[imagesource: Courtesy Burgess Yachts]
There’s a younger yachtie client base climbing the ranks, and they apparently require a boat with a focus on adventure over leisure.
Thanks largely to cryptocurrency investments and tech, there are more millionaires in their twenties and thirties who also want to hit the seas.
As a result, leading yacht designers have had to swallow their scoffs and design something suitable for this emerging Millennial market.
Gregory Marshall, a designer at Expedition yachts, mentioned that this client base has different wants and needs per Robb Report:
“These new owners don’t want to sit around and look at their stuff as the previous generation did,” he says.
“They are more about the activities that you can undertake from a boat.”
From the new generation of explorer yachts designed for a younger owner, Project Fox, currently under build at the UK’s Pendennis yard, is a prime example:

“There’s a shift in the way people are using boats and experience-based has become the currency,” Burgess Yachts’ Ian Sherwood, who has the listing for Project Fox, told Robb Report during a recent tour.
“The explorer market is still a niche sector, but it’s growing.”
At 35 metres in length, Project Fox isn’t as aesthetic as it is practical and equipped:
The yacht has 1,200 square feet (111 square metres) of exterior space, with two cranes in the aft deck for launching and retrieving two large tenders, or if the owner can afford it, a personal submersible.
Once the tenders are removed from the huge aft deck, it transforms into a beach club with significantly more space than many larger yachts:

The space inside, “akin to a blank canvas”, is designed to allow the owner to personalise and decorate as they see fit:
Key features include two full-beam master suites, one on the main deck, and the other on the lower deck, with two double-twin convertible cabins.

“It was always up for debate, whether to add a third VIP cabin or keep two very good-sized staterooms,” said Ratcliffe. “We chose the two large master cabins.
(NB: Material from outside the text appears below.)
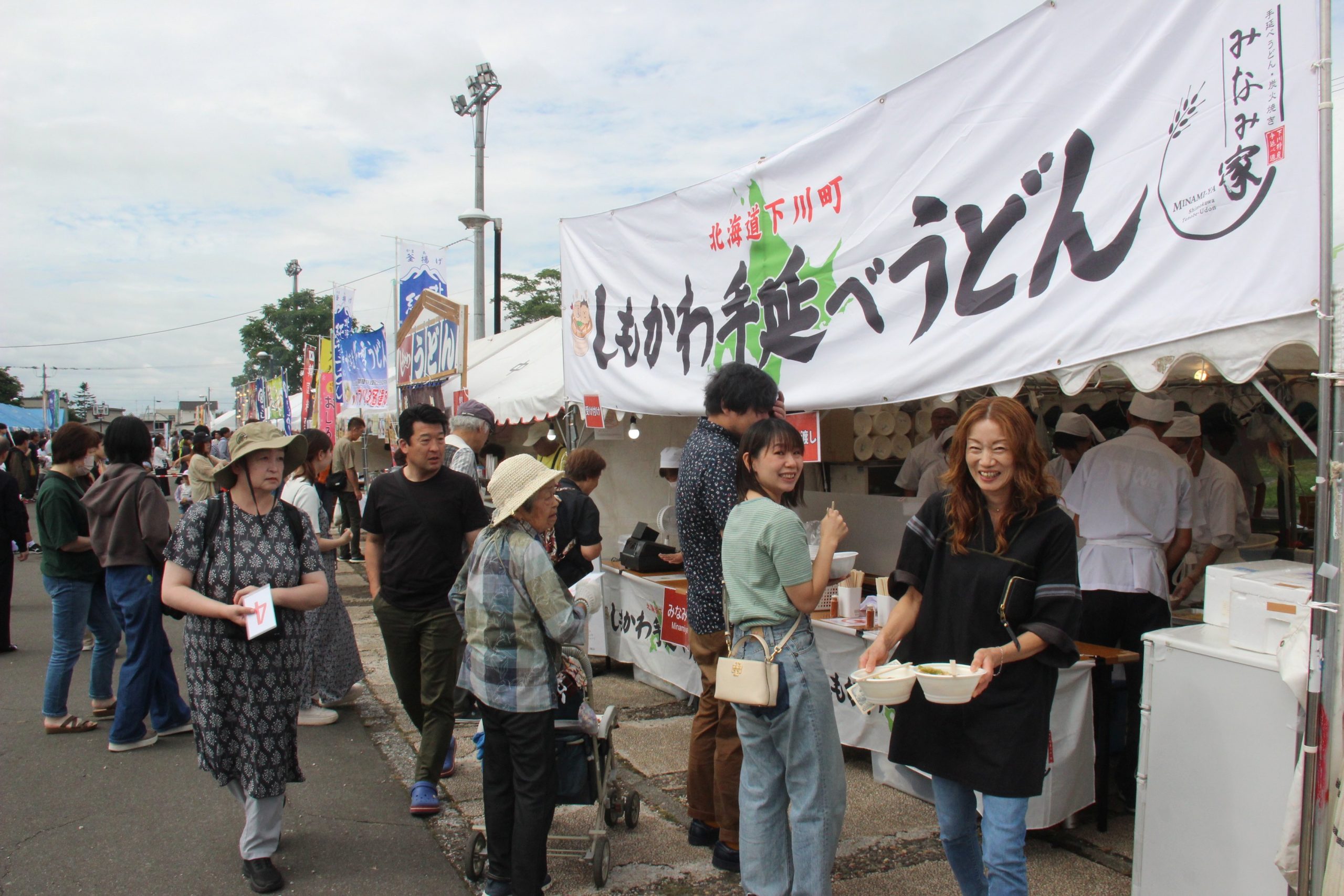 第22回しもかわうどん祭りが、8月30、31の両日、にぎわいの広場で開かれた。同実行委員会(西村和樹実行委員長)主催。地元下川をはじめ道内外の有名うどんが並び、食べ比べる人の列ができた。

It works for two business partners wanting to charter for a weekend or a family with guests.”
As a result, the interior offers more of a flow, where crew members mix relatively freely with the owners and guests.
The fact that the staff won’t be cordoned off in their own quarters is a testament to the “new type of spirit among younger owners,” who aren’t necessarily into the usual ‘you over there, us over here’ situation.
On the top deck, there’s a salon with floor-to-ceiling windows and a pilothouse with a walkaround passage on all sides and a lounge at the end:

Plus, there is a DJ station, a glass-walled sky lounge, and a wine fridge:

Listed at $17,2 million (R252 million), Project Fox is looking for its owner and is able to be a standalone yacht, a charter yacht, or a support vessel for larger superyachts.